Compte tenu de ce contexte, il nous faut, urgemment, œuvrer afin que nos familles retrouvent sens et force. Tant qu’elles n’auront pas retrouvé leur équilibre et leur détermination originels, prônés par le Messager de Dieu, avec pour pilier central une épouse et mère respectée, honorée, informée de ses obligations et des affaires de la religion, une femme heureuse et épanouie, participant pleinement à l’effort collectif, alliée à un mari proche des siens et engagé dans le monde, et à un entourage œuvrant pour le bien commun, nos familles resteront fragiles, perméables, malléables, nos enfants grandiront dans le doute, le manque de confiance en eux et envers leurs proches, fragilisant encore plus la génération suivante…

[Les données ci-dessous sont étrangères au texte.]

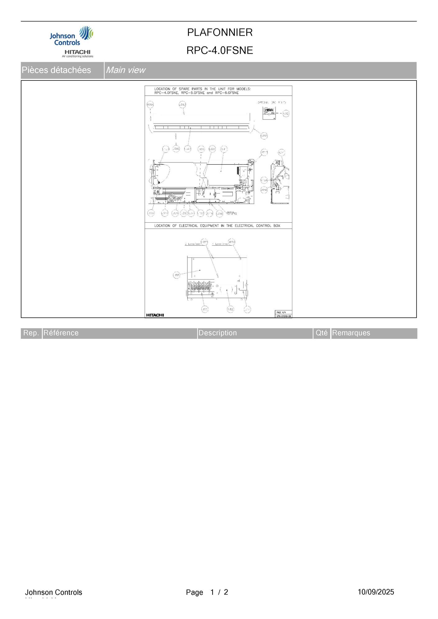 Pièces détachées contenues dans cet appareil Unité plafonnier Hitachi RPC-4.0FSNE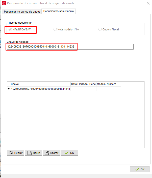 - Marcando o tipo de documento "NFe/NFC-e/SAT" será necessário informar a chave de acesso do documento pressionar Enter e clicar em OK para confirmar: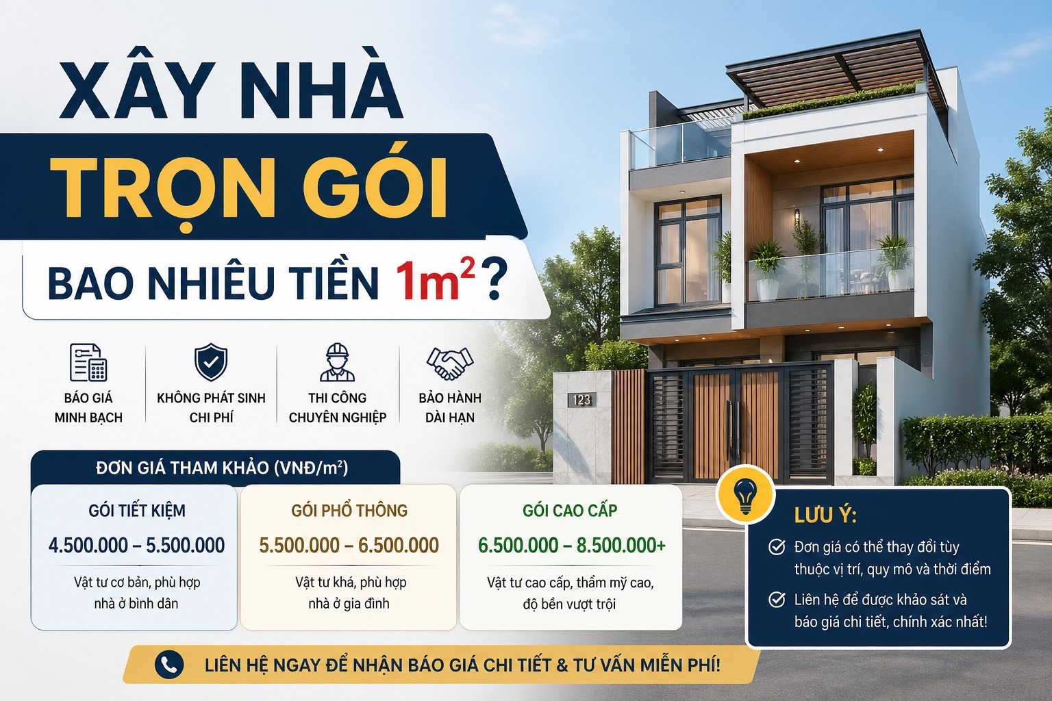 Để đảm bảo câu trả lời cho "Xây Nhà Trọn Gói Bao Nhiêu Tiền 1m2" sát thực tế, chủ đầu tư nên: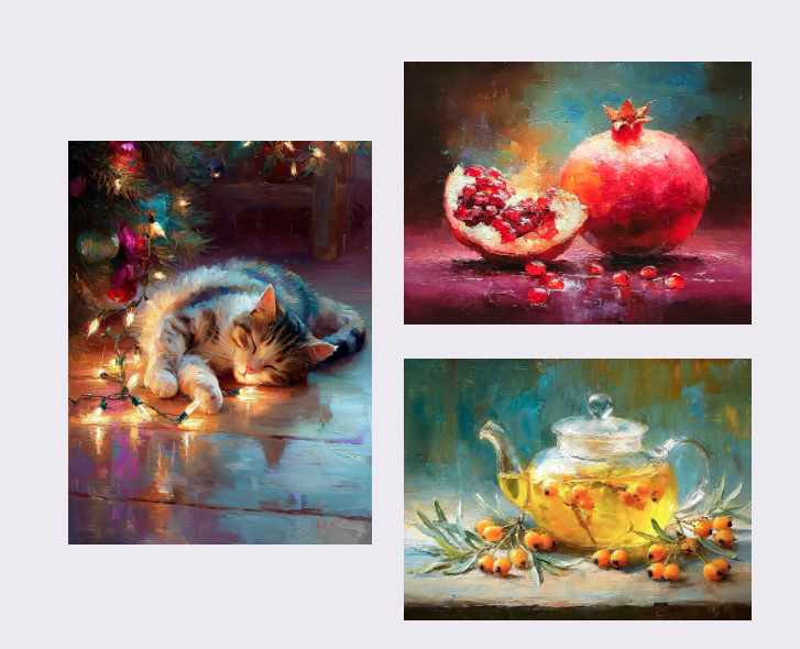 На бонусном занятии мы напишем самый уютный и трогательный сюжет – спящего кота под новогодней елкой, окутанного разноцветным сиянием праздничной гирлянды. Создадим волшебную картину, где теплые огоньки играют на пушистой шерстке, создавая причудливые цветные рефлексы – от золотистых и розовых до голубых и фиолетовых. Напишем момент абсолютного покоя и домашнего счастья, когда питомец сладко спит в атмосфере праздничного волшебства.

Si nous ne parvenons pas, dans les années futures, à nous rapprocher du modèle prophétique de la vie familiale et communautaire, nous risquons fort de ne pas parvenir à convaincre nos concitoyens du bien-fondé de notre vision du mariage, de la famille, de l’importance des liens de parenté, ni ne pourrons, par conséquent, faire rayonner de manière large et durable le message de Dieu. C’est le sens incontestable de l’invocation contenue dans le verset 74 de la sourate Le Discernement et par lequel nous clôturerons le présent article : « Seigneur, donne-nous, en nos épouses et nos descendants, la joie des yeux, et fais de nous un guide pour les pieux”.

 


[1] Abdessalam Yassine, Islamiser la modernité, Dar al Afak, mars 1998, p.190-191.

[2] Sourate Le Discernement/V63-74, notamment.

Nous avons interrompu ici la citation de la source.